According to multivariate analysis, the risk factors of poor adherence except disease activity were the patients’ depressive symptoms and low cognitive level. The relationship between poor medication adherence and depression in RA patients has been previously shown in several studies.[33,34] There are some causes why depression may be related to medication non-adherence. Not believing the benefit of treatment due to feelings of hopelessness, lacking of the energy, and focus necessary to follow through with treatment advice, and being more vulnerable to side effects are the important causes of non-adherence to treatment in depressed patients.[35] In the light of this information, physicians should evaluate the medication adherence in the patients with depression and should evaluate the depression in the non-adherent patients. Treating depression in RA patients can also improve disease activity and functionality.

Finally, cognitive dysfunction increased adherence problems in this study. Similarly to our findings, Park et al.[36] demonstrated that the patients with low cognitive function had more medication adherence problems, compared to age- matched controls. Bruera et al.[37] also reported that medication reminders could support patients with RA in taking medications, particularly in patients who simply forget to take their medication. The use of medication reminders to improve medication adherence in patients with RA may be considered as an option.

Review of the literature reveals various factors as the determinants of adherence. Age, gender, disease duration, income status, occupation, multiple concomitant drugs, and the route of administration of the drug have been all shown to affect the medication adherence.[5,7,38-40] However, none of these factors was found to be associated with medication adherence in our study population.

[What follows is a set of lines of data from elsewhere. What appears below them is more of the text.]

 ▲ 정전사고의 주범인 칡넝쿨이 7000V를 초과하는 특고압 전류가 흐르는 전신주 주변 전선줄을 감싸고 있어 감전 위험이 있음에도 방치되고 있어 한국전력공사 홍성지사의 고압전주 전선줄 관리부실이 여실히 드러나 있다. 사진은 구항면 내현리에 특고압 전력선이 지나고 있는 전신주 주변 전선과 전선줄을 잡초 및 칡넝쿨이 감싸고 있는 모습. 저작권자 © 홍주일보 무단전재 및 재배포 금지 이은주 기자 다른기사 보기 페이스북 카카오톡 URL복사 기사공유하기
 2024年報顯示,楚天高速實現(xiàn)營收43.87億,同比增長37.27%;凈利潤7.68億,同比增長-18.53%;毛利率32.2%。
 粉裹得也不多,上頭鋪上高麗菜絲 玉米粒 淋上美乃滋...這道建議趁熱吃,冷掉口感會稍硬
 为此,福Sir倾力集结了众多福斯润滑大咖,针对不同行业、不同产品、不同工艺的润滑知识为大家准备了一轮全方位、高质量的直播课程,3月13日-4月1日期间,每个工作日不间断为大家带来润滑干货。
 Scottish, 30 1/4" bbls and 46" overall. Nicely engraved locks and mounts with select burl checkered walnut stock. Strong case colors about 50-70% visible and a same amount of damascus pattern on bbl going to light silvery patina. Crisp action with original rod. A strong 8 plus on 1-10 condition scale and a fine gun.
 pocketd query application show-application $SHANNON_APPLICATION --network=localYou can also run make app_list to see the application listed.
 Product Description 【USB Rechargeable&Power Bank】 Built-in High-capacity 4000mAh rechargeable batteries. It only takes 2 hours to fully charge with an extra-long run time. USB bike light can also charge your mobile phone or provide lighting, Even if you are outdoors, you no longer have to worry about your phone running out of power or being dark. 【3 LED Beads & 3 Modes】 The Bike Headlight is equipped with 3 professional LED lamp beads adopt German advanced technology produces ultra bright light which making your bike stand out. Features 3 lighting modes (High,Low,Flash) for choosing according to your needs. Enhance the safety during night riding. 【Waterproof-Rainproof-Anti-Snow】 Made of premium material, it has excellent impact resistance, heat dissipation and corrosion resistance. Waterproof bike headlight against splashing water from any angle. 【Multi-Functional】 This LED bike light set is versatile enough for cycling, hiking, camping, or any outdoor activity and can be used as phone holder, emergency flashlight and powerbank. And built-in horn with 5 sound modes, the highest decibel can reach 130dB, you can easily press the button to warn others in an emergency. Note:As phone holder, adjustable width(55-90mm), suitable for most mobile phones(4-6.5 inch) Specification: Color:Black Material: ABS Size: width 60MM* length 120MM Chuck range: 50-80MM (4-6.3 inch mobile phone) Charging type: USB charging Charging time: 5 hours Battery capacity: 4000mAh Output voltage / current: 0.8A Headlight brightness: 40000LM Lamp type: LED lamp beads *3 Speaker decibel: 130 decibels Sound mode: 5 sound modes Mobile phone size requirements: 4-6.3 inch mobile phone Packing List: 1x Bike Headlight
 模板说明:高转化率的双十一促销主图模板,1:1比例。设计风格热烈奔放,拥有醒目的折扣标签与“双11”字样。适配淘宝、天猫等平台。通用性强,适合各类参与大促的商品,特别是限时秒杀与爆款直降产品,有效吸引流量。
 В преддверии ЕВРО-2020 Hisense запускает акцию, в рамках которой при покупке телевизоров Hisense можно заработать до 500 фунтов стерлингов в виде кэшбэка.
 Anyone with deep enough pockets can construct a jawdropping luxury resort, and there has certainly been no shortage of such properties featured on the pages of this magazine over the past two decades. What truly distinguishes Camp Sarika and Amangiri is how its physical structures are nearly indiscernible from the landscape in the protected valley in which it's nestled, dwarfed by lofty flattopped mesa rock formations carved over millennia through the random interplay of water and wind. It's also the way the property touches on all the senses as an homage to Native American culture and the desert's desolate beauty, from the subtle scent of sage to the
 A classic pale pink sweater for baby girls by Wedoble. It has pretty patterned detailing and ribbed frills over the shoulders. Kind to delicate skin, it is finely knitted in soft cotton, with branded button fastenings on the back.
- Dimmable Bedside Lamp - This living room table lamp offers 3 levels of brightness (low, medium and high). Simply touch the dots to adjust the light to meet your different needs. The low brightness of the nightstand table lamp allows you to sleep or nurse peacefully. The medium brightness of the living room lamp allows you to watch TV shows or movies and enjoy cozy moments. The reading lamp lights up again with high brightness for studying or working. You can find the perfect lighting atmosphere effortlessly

Nonetheless, there are some limitations to this study. First, adherence to the medication was measured in a small sample size at a single center and limited with patients who were only under regular follow-up. Therefore, the generalizability of the results is limited. Second, adherence was measured a self-reported questionnaire which may produce incorrect observations and recall bias. Lastly, the cross-sectional design of this study limited our ability to evaluate causality. Therefore, further large-scale, multi-center, longitudinal studies including a control group are needed.

In conclusion, in the present study, medication adherence in RA patients who were closely followed based on the TTT strategy was significantly higher, compared to previous studies using the MMAS-8. High disease activity, depression, and cognitive dysfunction were also the main barriers to medication adherence. We achieved remission or low disease activity, which is our aim as a part of the EULAR recommendations, at rates exceeding 90% in good adherent patients. Based on these findings, in daily practice, targeted treatment is substantial, and the physician should build toward a stable and trustworthy connection with the patient by close follow-up and monitoring to reach the most optimal clinical outcomes. Nevertheless, if we do not take precautions for depression and low cognitive level, even for patients followed closely according to the TTT strategy, our management may be insufficient.

Footnotes

Conflict of Interest: The authors declared no conflicts of interest with respect to the authorship and/or publication of this article.

Financial Disclosure: The authors received no financial support for the research and/or authorship of this article.